Some tweaks are needed to deal with the difference between partially
(ET_REL) and fully (ET_DYN/ET_EXEC) linked ELF objects, but with those
in place, a substantial amount of complicated ELF allocation, placement
and patching/relocation code can simply be dropped.

The last patch in the series removes this code from the generic kexec
implementation, but this can only be done once other architectures apply
the same changes proposed here for x86 (powerpc, s390 and riscv all
implement the purgatory using the shared logic)

Link: https://lore.kernel.org/all/CAKwvOd=3Jrzju++=Ve61=ZdeshxUM=K3-bGMNREnGOQgNw=aag@mail.gmail.com/
Link: https://lore.kernel.org/all/[email protected]/

Cc: Arnd Bergmann <[email protected]>
Cc: Eric Biederman <[email protected]>
Cc: [email protected]
Cc: Nathan Chancellor <[email protected]>
Cc: Nick Desaulniers <[email protected]>
Cc: Kees Cook <[email protected]>
Cc: Bill Wendling <[email protected]>
Cc: Justin Stitt <[email protected]>
Cc: Masahiro Yamada <[email protected]>

Ard Biesheuvel (9):
x86/purgatory: Drop function entry padding from purgatory
x86/purgatory: Simplify stack handling
x86/purgatory: Drop pointless GDT switch
x86/purgatory: Avoid absolute reference to GDT
x86/purgatory: Simplify GDT and drop data segment
kexec: Add support for fully linked purgatory executables
x86/purgatory: Use fully linked PIE ELF executable
x86/purgatory: Simplify references to regs array
kexec: Drop support for partially linked purgatory executables

arch/x86/include/asm/kexec.h | 8 -
arch/x86/kernel/kexec-bzimage64.c | 8 -
arch/x86/kernel/machine_kexec_64.c | 127 ----------
arch/x86/purgatory/Makefile | 17 +-
arch/x86/purgatory/entry64.S | 96 ++++----
arch/x86/purgatory/setup-x86_64.S | 31 +--
arch/x86/purgatory/stack.S | 18 --
include/asm-generic/purgatory.lds | 34 +++
kernel/kexec_file.c | 255 +++-----------------
9 files changed, 125 insertions(+), 469 deletions(-)
delete mode 100644 arch/x86/purgatory/stack.S
create mode 100644 include/asm-generic/purgatory.lds

--
2.44.0.769.g3c40516874-goog



2024-04-24 16:27:09

by Ard Biesheuvel

[permalink] [raw]
Subject: [RFC PATCH 5/9] x86/purgatory: Simplify GDT and drop data segment

From: Ard Biesheuvel <[email protected]>

Data segment selectors are ignored in long mode so there is no point in
programming them. So clear them instead. This only leaves the code
segment entry in the GDT, which can be moved up a slot now that the
second slot is no longer used as the GDT descriptor.
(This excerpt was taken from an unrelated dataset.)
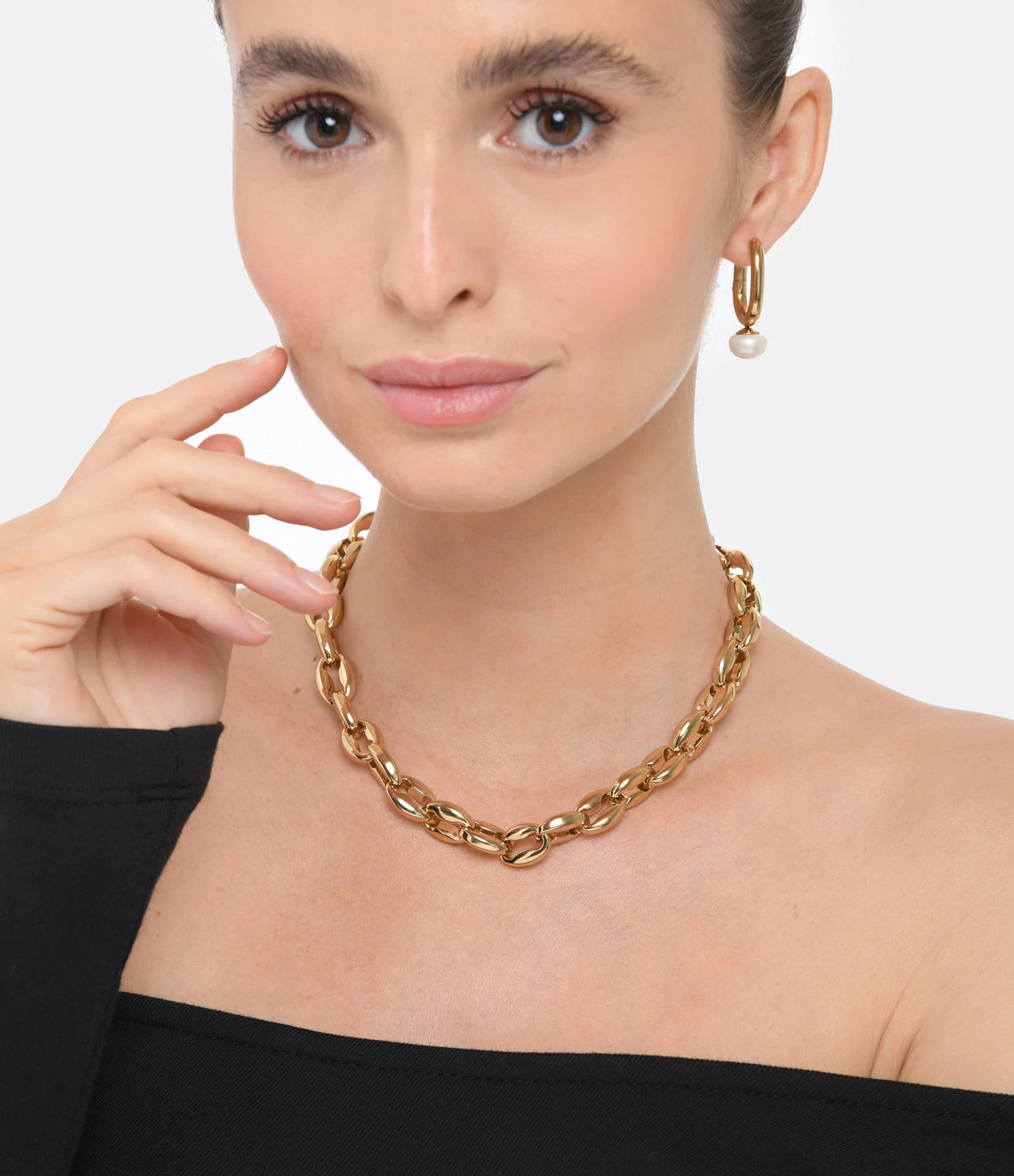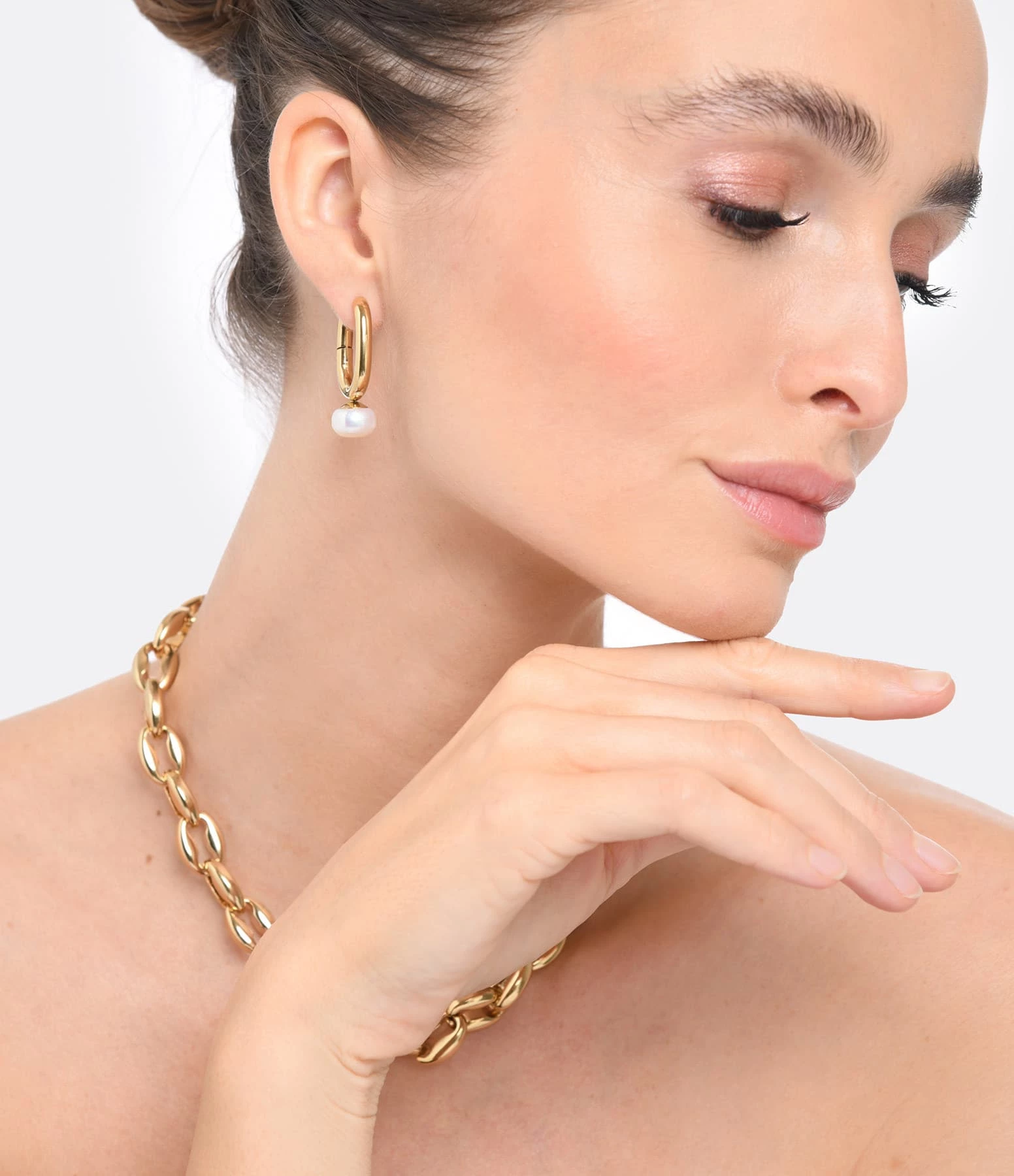Boucles d’oreilles créoles dorées avec perle d’eau douce. Fermoir russe. Vendues à la paire.

Signed-off-by: Ard Biesheuvel <[email protected]>
---
arch/x86/purgatory/entry64.S | 13 +++----------
1 file changed, 3 insertions(+), 10 deletions(-)

diff --git a/arch/x86/purgatory/entry64.S b/arch/x86/purgatory/entry64.S
index 888661d9db9c..3d09781d4f9a 100644
--- a/arch/x86/purgatory/entry64.S
+++ b/arch/x86/purgatory/entry64.S
@@ -23,14 +23,14 @@ SYM_CODE_START(entry64)
addq $10, %rsp

/* load the data segments */
- movl $0x18, %eax /* data segment */
+ xorl %eax, %eax /* data segment */
movl %eax, %ds
movl %eax, %es
movl %eax, %ss
movl %eax, %fs
movl %eax, %gs

- pushq $0x10 /* CS */
+ pushq $0x8 /* CS */
leaq new_cs_exit(%rip), %rax
pushq %rax
lretq
@@ -84,16 +84,9 @@ SYM_DATA_END(entry64_regs)
SYM_DATA_START_LOCAL(gdt)
/*
* 0x00 unusable segment
- * 0x08 unused
- * so use them as gdt ptr
*/
- .word 0
.quad 0
- .word 0, 0, 0

- /* 0x10 4GB flat code segment */
+ /* 0x8 4GB flat code segment */
.word 0xFFFF, 0x0000, 0x9A00, 0x00AF
-
- /* 0x18 4GB flat data segment */
- .word 0xFFFF, 0x0000, 0x9200, 0x00CF
SYM_DATA_END_LABEL(gdt, SYM_L_LOCAL, gdt_end)
--
2.44.0.769.g3c40516874-goog


2024-04-24 20:25:16

by Eric W. Biederman

[permalink] [raw]
Subject: Re: [RFC PATCH 0/9] kexec x86 purgatory cleanup

Ard Biesheuvel <[email protected]> writes:

> From: Ard Biesheuvel <[email protected]>
>
> The kexec purgatory is built like a kernel module, i.e., a partially
> linked ELF object where each section is allocated and placed
> individually, and all relocations need to be fixed up, even place
> relative ones.
>
> This makes sense for kernel modules, which share the address space with
> the core kernel, and contain unresolved references that need to be wired
> up to symbols in other modules or the kernel itself.
>
> The purgatory, however, is a fully linked binary without any external
> references, or any overlap with the kernel's virtual address space. So
> it makes much more sense to create a fully linked ELF executable that
> can just be loaded and run anywhere in memory.

It does have external references that are resolved when it is loaded.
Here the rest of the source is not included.